Gloucestershire Airport plans wartime accident memorial

Sgt Edward Perkins, from Tunbridge wells, is buried at Gloucester cemetery
Image caption Sgt Edward Perkins and two others were killed when their plane crashed in 1942

Three wartime airmen killed in a crash during a practice flight in Gloucestershire could be commemorated.

Seventy years ago, the Avro Anson plane carrying the three crew members crashed 25 minutes after taking off from RAF Staverton on a practice bombing flight.

The site, now Gloucestershire Airport, is hoping to erect a permanent memorial for this and other accidents.

Airport bosses would like to establish a definitive history before creating a memorial and are appealing for help.

'Ultimate sacrifice'

On 24 August 1942, the twin-engined Avro Anson aircraft struck high ground at Stockend Wood, north of Stroud.

The three killed were pilot Sgt Edward Perkins, 20, Leading Aircraftman (LAC) Lawrence Roper, 29 and LAC Brian Cross, 21.

Sgt Perkins and LAC Roper are buried at Gloucester cemetery and LAC Cross is remembered on the cloister panels at Cheltenham crematorium.

Darren Lewington, from the airport, said: "We would like to establish a definitive history before erecting a permanent memorial at the airport for those who made the ultimate sacrifice while serving at Staverton.

"We are proud of our RAF past and believe it should be commemorated.
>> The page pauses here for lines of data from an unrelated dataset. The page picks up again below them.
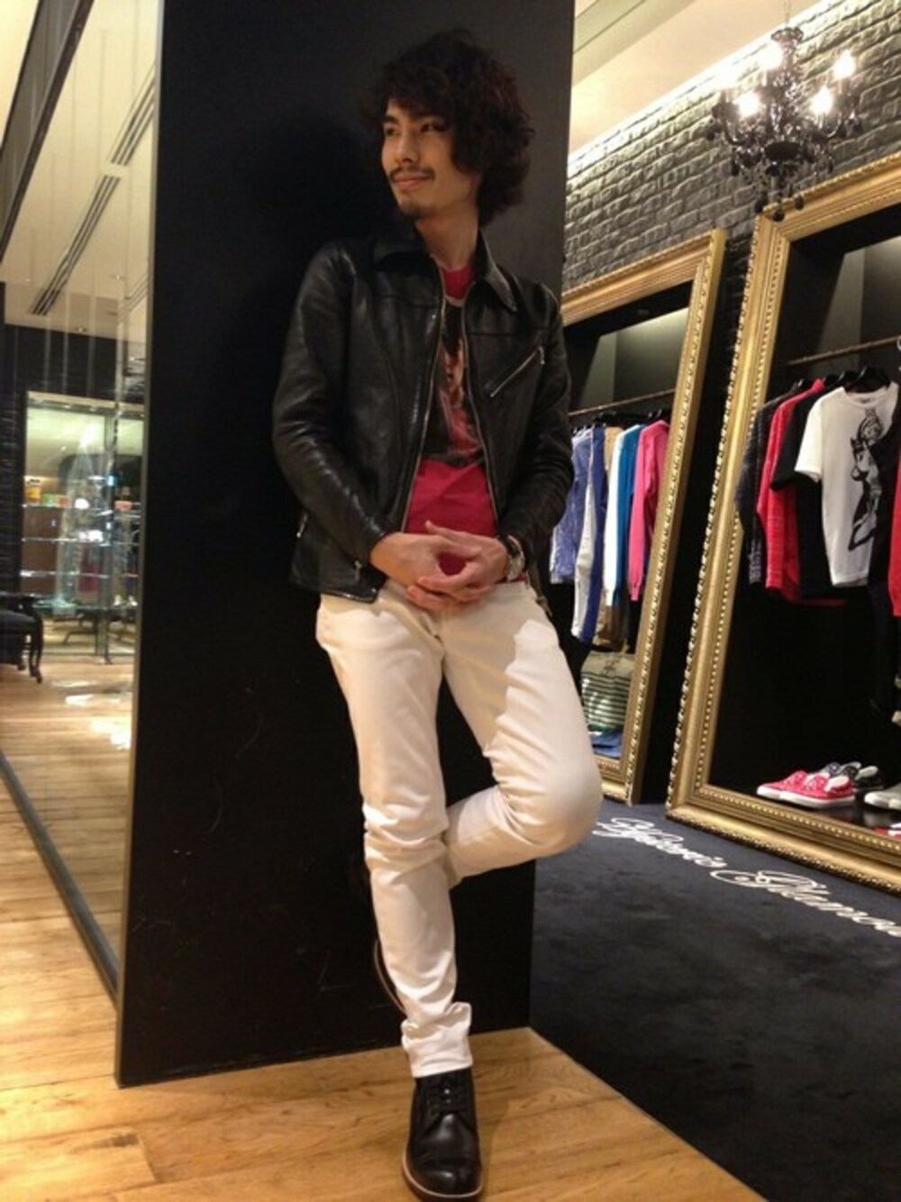 ikechan(HYSTERIC GLAMOUR銀座マロニエゲート店)のブルゾン「ラムレザーシングルライダースJK」を使ったコーディネート
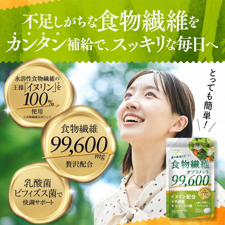 - 「水溶性食物繊維の王様」イヌリンを100%使用し、乳酸菌とビフィズス菌を配合した贅沢なサプリです。1日9粒で3,320mgもの食物繊維を手軽に補給でき、内側からスッキリ健康な毎日をサポート。外出先でも飲みやすい10mmのタブレット型で、噛んでも美味しく続けられます。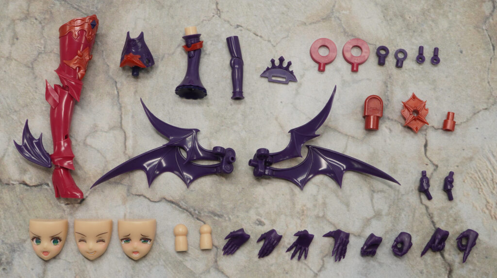 付属品は表情パーツ×4種、ハンドパーツ×5種、ウィライズモード一式、FAガール・メガミデバイス対応首関節、二の腕・太もも用3ミリ軸リングジョイント、角度付き手首関節×2、背部魔法陣パーツ、スタンドジョイント延長パーツです。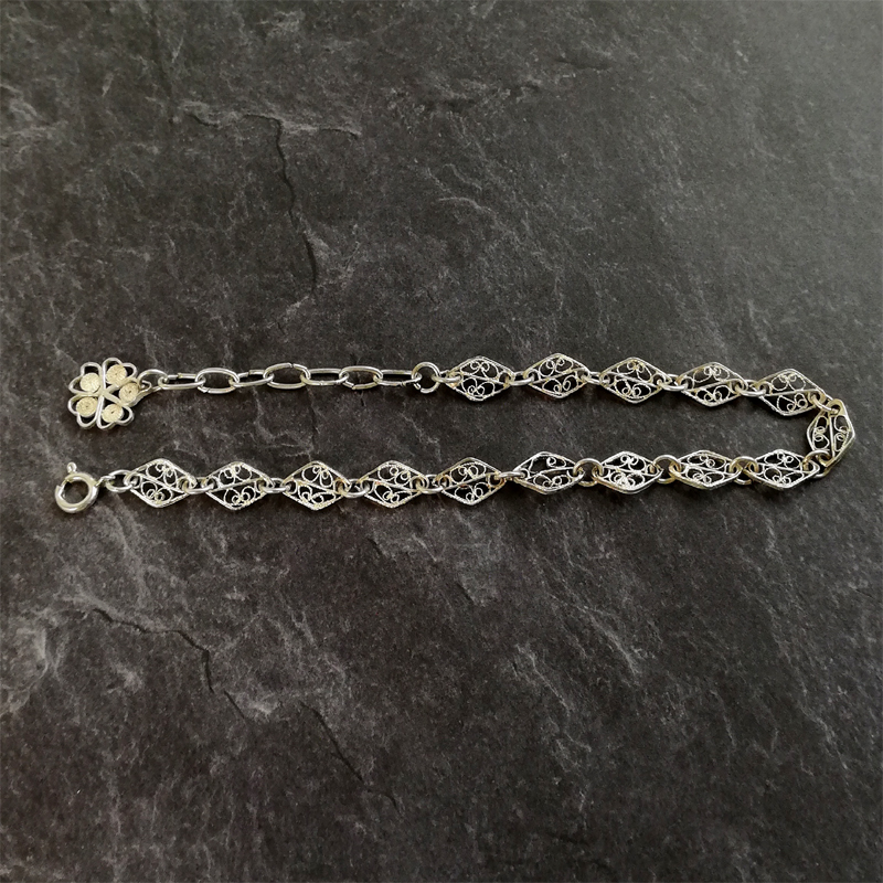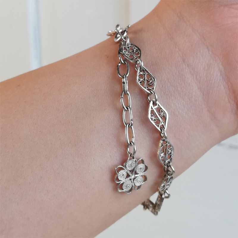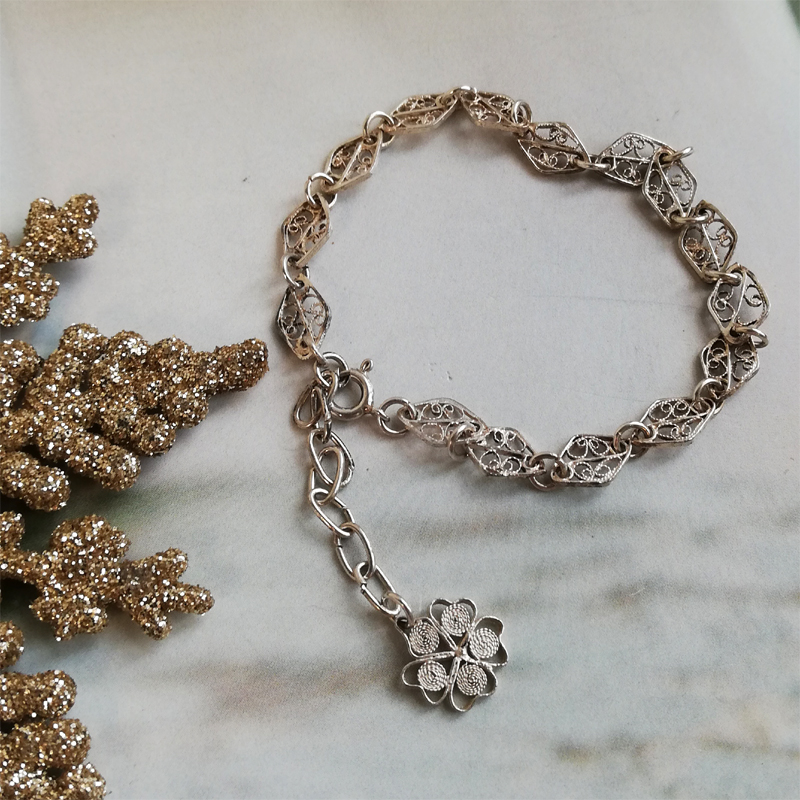 アジャスターチェーンの先に付いたチャームが揺れるフィリグリー(銀泉細工)のブレスレットです。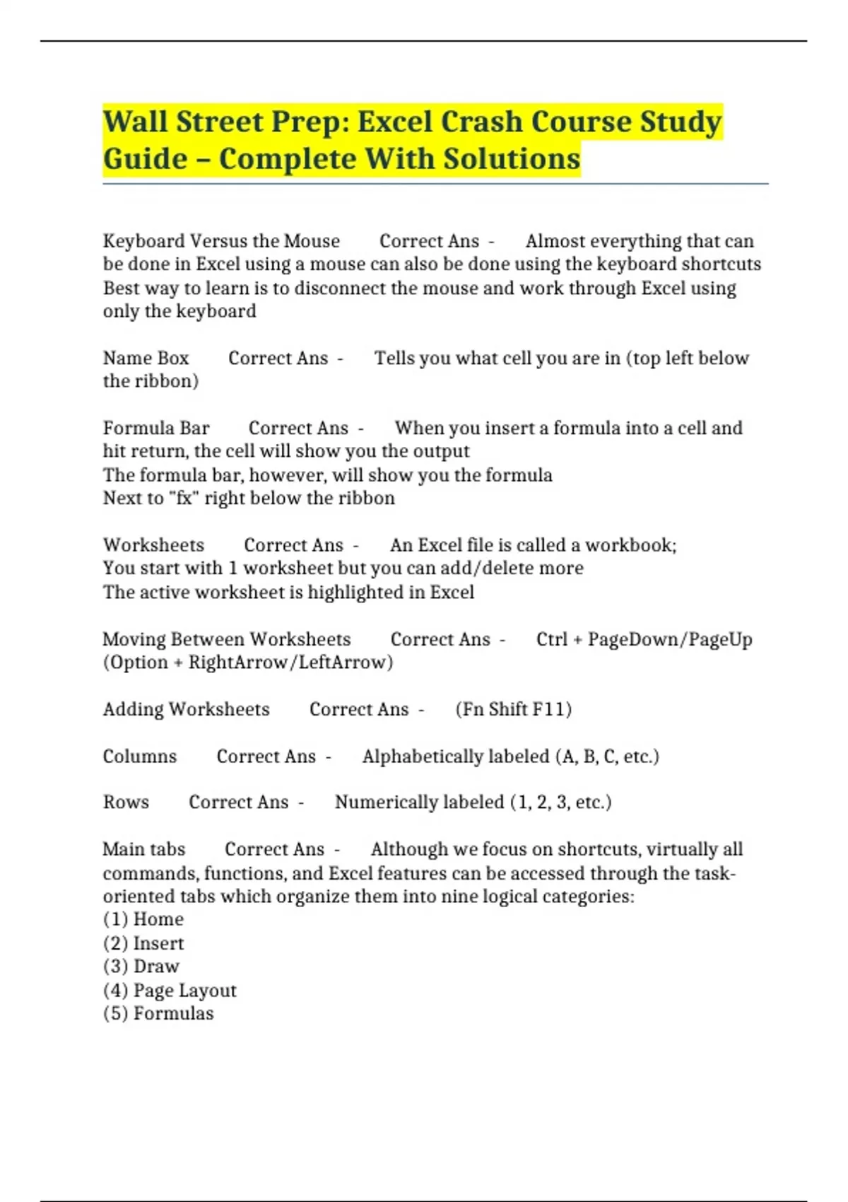 Wall Street Prep: Excel Crash Course Study Guide – Complete With Solutions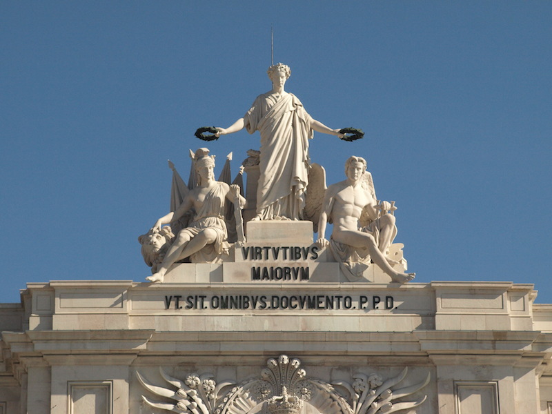 The figure on the top of the Trimphal Arch handing out laurel wreaths is an allegory to Valour and the reclining figures represent the rivers Tagus and Douro. Figures representing two rivers is a stretch of the imagination, maybe it is artist’s licence. The Tagus (Tejo) lies on a geological fault line and in parts is the border between Portugal and Spain. It is the longest river on the Iberian Peninsula. The Douro River is located in the north of Portugal and it flows into the Atlantic Ocean at the town of Porto. It is the third longest river on the Iberian Peninsula after the Tagus and Ebro Rivers.
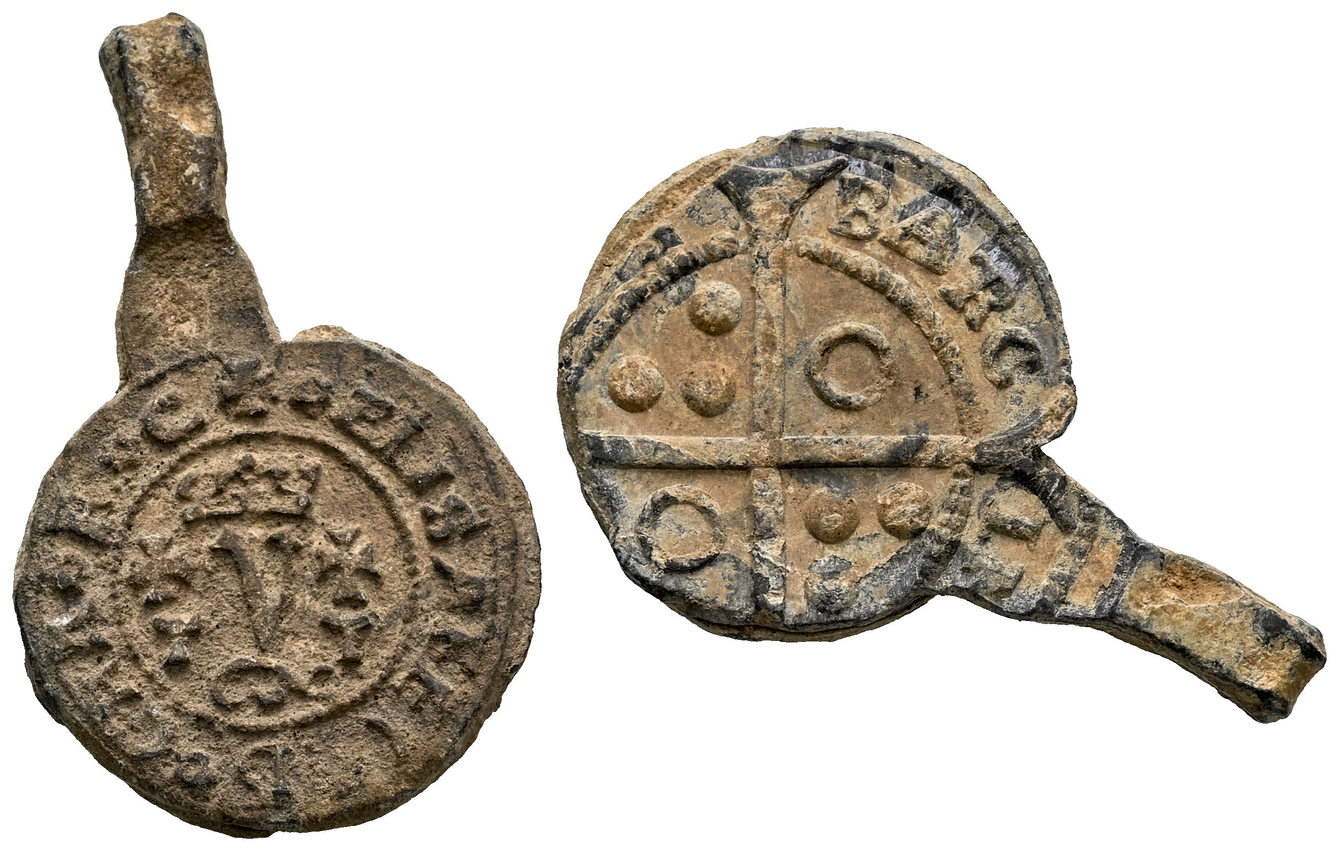 Fernando e Isabel (1474-1504). Pb. 5,07 g. Precinto en plomo de una blanca de Toledo y 1 croat de Barcelona. MBC+. Est...35,00.

We'd be keen to hear from anyone who can help us to piece together the history jigsaw.

"We know there were a number of accidents during the war years and further service personnel killed in enemy raids on the airfield."

Mr Lewington added that RAF Staverton was principally the base of No.6 Air Observer and Navigation School.

"The unit trained many hundreds of aircrews from around the Commonwealth who went on to serve with such great distinction in Bomber Command."